■ **Exercise**: A word-for-word retyping of the listing below is required, with the pictures dropped.

■ **Input data**:
..............................

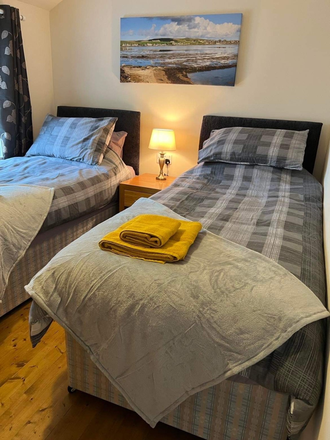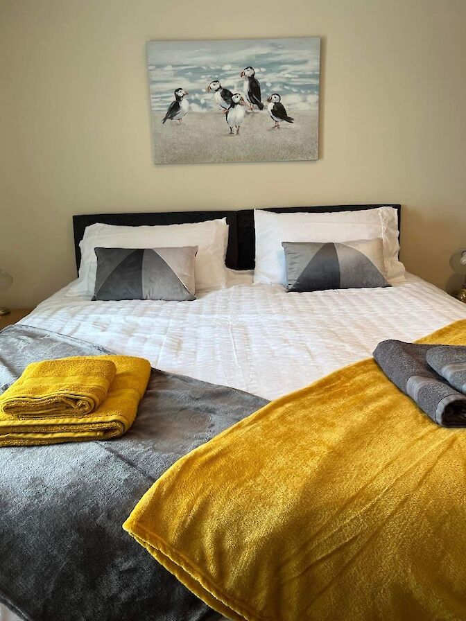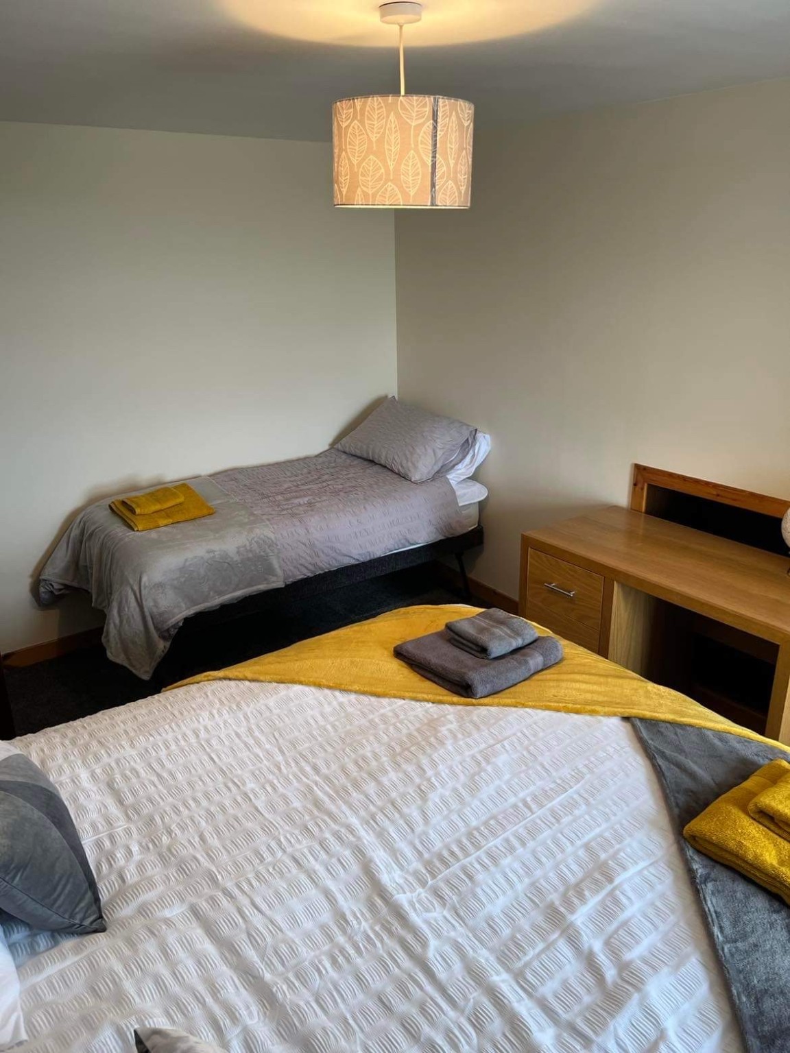 Air source heating with electric fire in living room. Living room with dining area and separate kitchen. Main bedroom is set up with a zip & link superking bed & can be changed to single beds with an additional single bed if needed. Second bedroom is set up with 2 single zip & link beds and can be changed to a king size bed. Bed linen & towels provided free of charge. Welcome pack & continental breakfast provisions are included. Flexible check-in & check-out whenever possible. Newly open for bookings in May 2022.
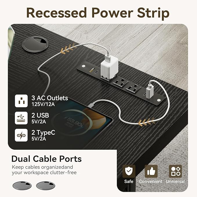 - 【Powerful Desk with Charging Ports】Upgrade your home office or study area with the Coleshome 71 inch large desk. Featuring 3 power outlets, 2 USB charging ports, and 2 Type-C charging ports, this office desk keeps your devices powered and ready. Say goodbye to tangled cords and limited outlets. Perfect for a modern desk, computer workstation, or executive desk.
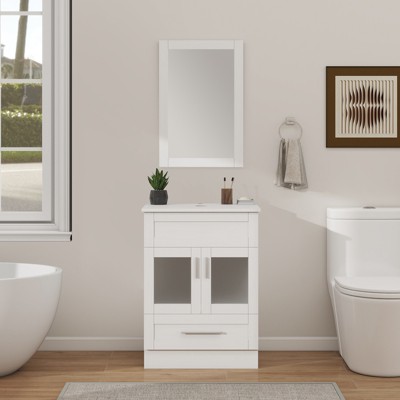 Smart Storage and Easy Assembly: With a single door and a spacious drawer, the vanity efficiently organizes your bathroom essentials even in limited spaces. Easy-to-follow assembly instructions and a freestanding design allow for quick setup and secure installation without the need for complicated mounting.

..............................

■ **Answer box**:
 Air source heating with electric fire in living room. Living room with dining area and separate kitchen. Main bedroom is set up with a zip & link superking bed & can be changed to single beds with an additional single bed if needed. Second bedroom is set up with 2 single zip & link beds and can be changed to a king size bed. Bed linen & towels provided free of charge. Welcome pack & continental breakfast provisions are included. Flexible check-in & check-out whenever possible. Newly open for bookings in May 2022.
 - 【Powerful Desk with Charging Ports】Upgrade your home office or study area with the Coleshome 71 inch large desk. Featuring 3 power outlets, 2 USB charging ports, and 2 Type-C charging ports, this office desk keeps your devices powered and ready. Say goodbye to tangled cords and limited outlets. Perfect for a modern desk, computer workstation, or executive desk.
 Smart Storage and Easy Assembly: With a single door and a spacious drawer, the vanity efficiently organizes your bathroom essentials even in limited spaces. Easy-to-follow assembly instructions and a freestanding design allow for quick setup and secure installation without the need for complicated mounting.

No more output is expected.